Yanzhou Coal to remain buoyant
Analysts are projecting better second-half profits at Yanzhou Coal Mining as higher export contract prices took effect in April.
Further price rises are possible as the government is now allowing undelivered contracts to be renegotiated.
The Hong Kong-listed firm, one of the mainland's largest coal producers, yesterday posted a 65.9 per cent year-on-year surge in interim net profit to 1.22 billion yuan, barely missing the mean estimate of 1.25 billion yuan of seven analysts polled by the South China Morning Post.
Turnover rose 27 per cent to 4.45 billion yuan.
Analysts are bullish on the company's second-half outlook in light of strong coal prices.
'We expect coal prices to continue hovering around the current high level,' DBS Vickers Securities analyst Helen Wang wrote in a research report.
'The probable rise in the thermal coal [used in power production] contract prices should warrant higher earnings, albeit at a limited pace.'
The central government has allowed coal producers to renegotiate the prices of one-year contracts signed in December last year, after some coal producers refused to deliver coal as the spot market price surged more than 30 per cent during the first half of the year.

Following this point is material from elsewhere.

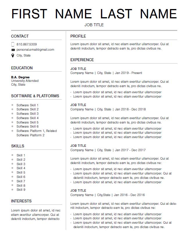 Remember that resumes are often printed in black and white only, so don’t rely on color. If you use it, that’s fine, but be sure to stick with black text (or something close to black for contrast) and only one additional color for design accent. If you use color, print it out in black and white to make sure it still looks good. Again, #1 priority is EASY TO READ.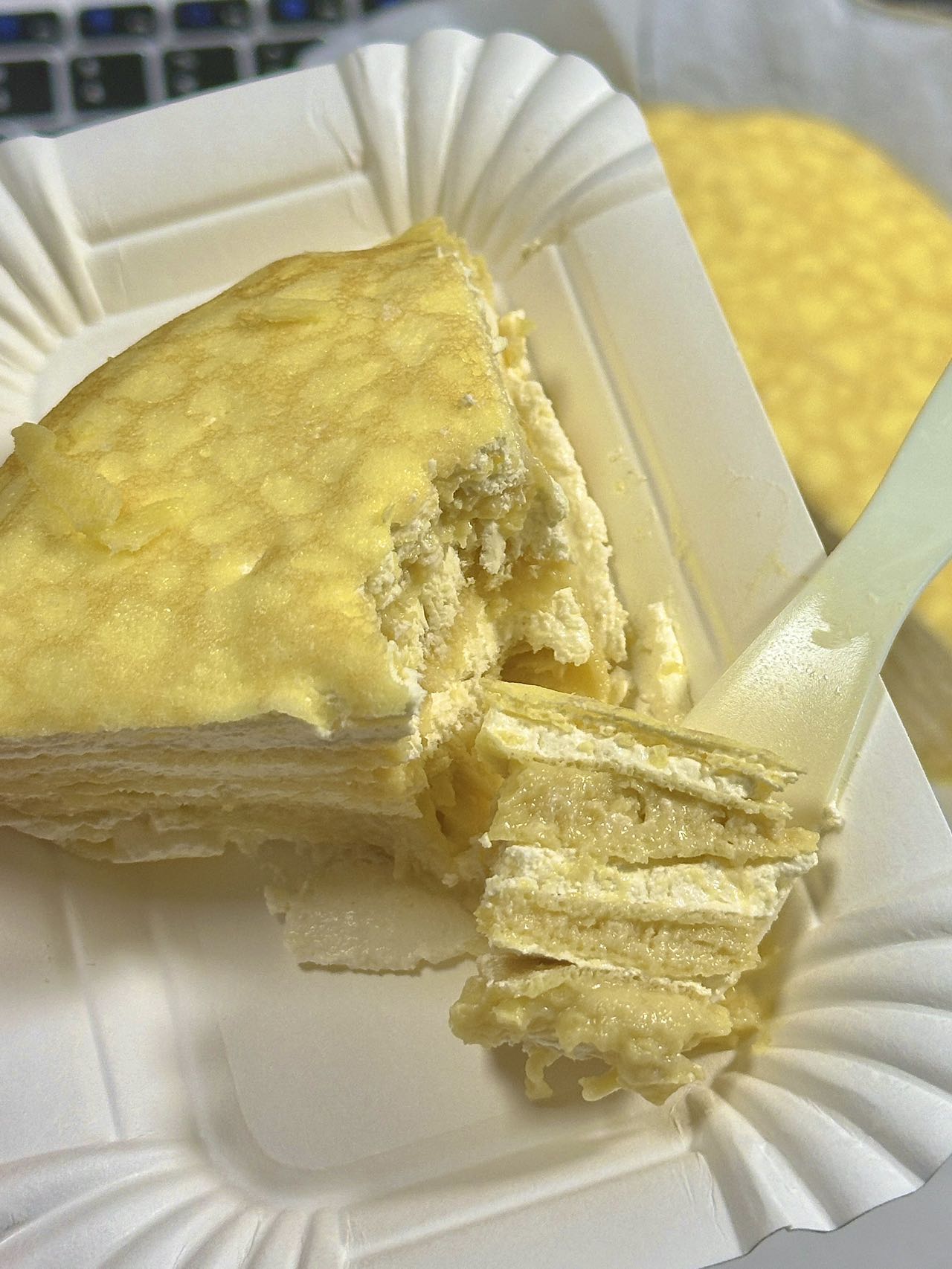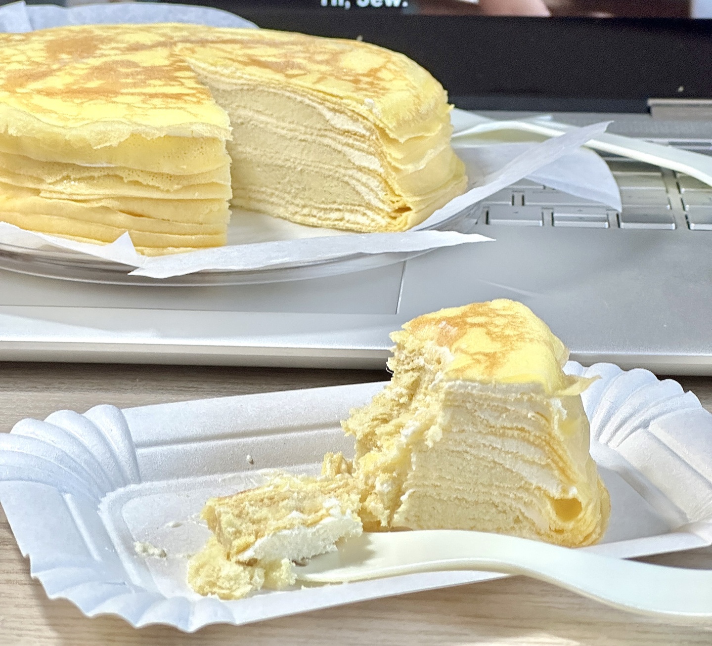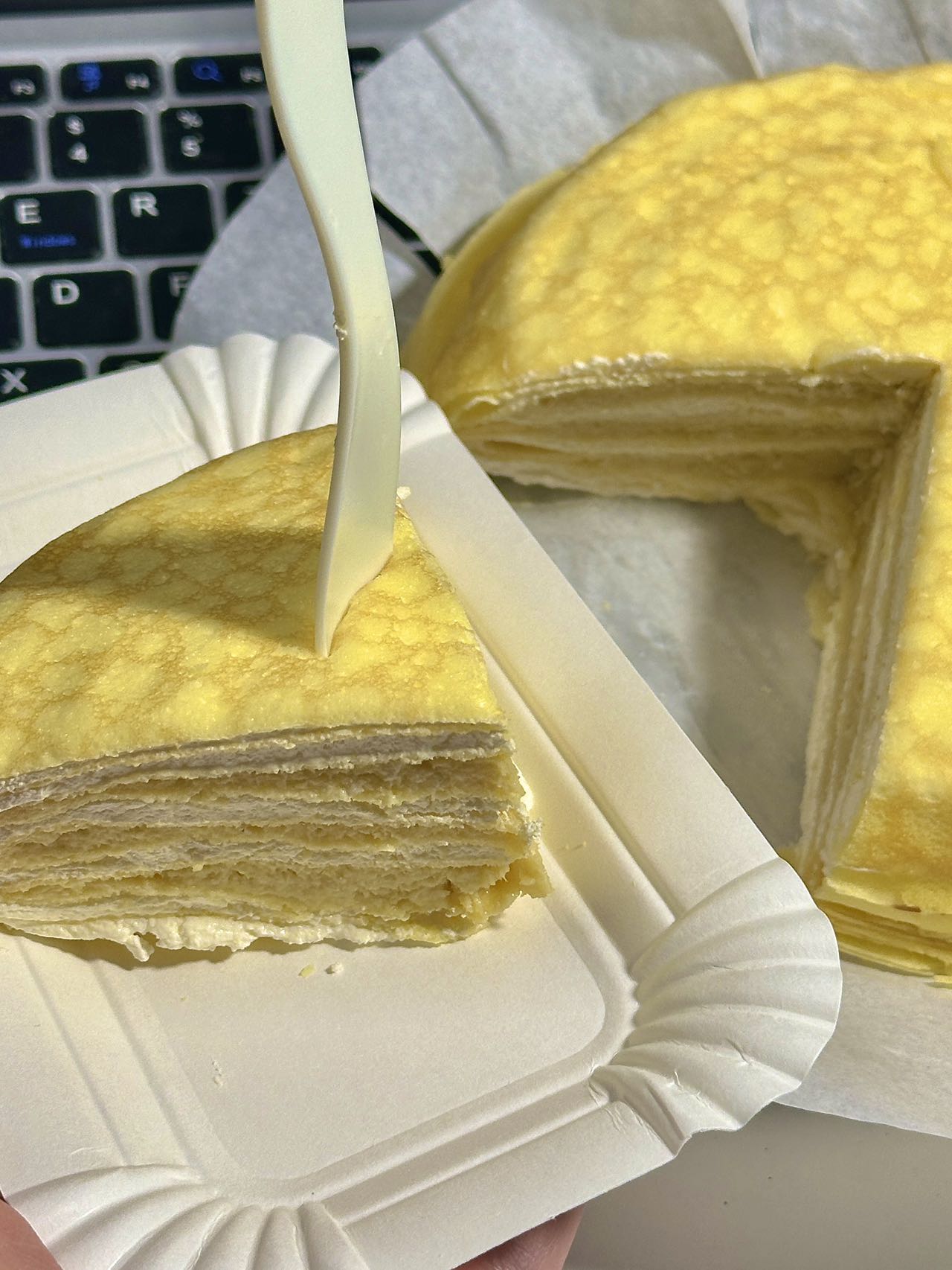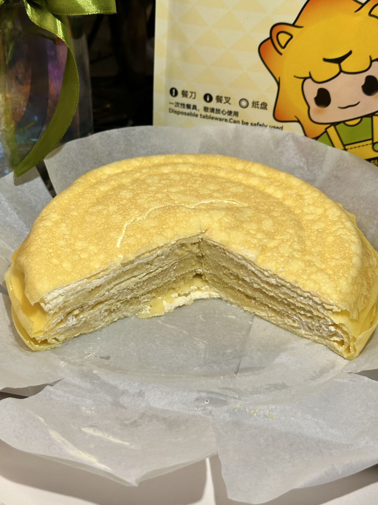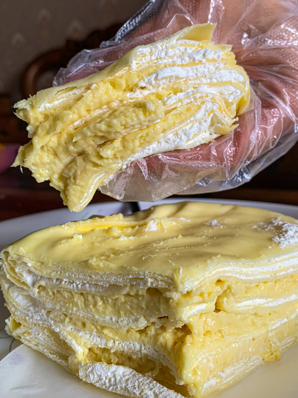 制作千层皮的蛋🥚奶浆中放入了黄油,在蛋香之中夹杂着一股淡淡的奶香味,还强化了千层皮的柔韧度,吃起来更得劲

The mainland is worried tight supplies of coal and power could disrupt economic growth.
The country's annual coal sale and purchase conference has been brought forward to November from the usual December, according to UBS analyst Joe Zhang Huaqiao.
Before the earnings announcement, Morgan Stanley estimated Yanzhou Coal's average first-half coal sales prices would have jumped 33 per cent to 336 yuan a tonne. Sales volume was expected to have dropped about 5 per cent to 19 million tonnes.
Analysts now expect Yanzhou Coal to record a 104.83 per cent rise in full-year net profit to 2.84 billion yuan, according to a consensus forecast by Thomson First Call.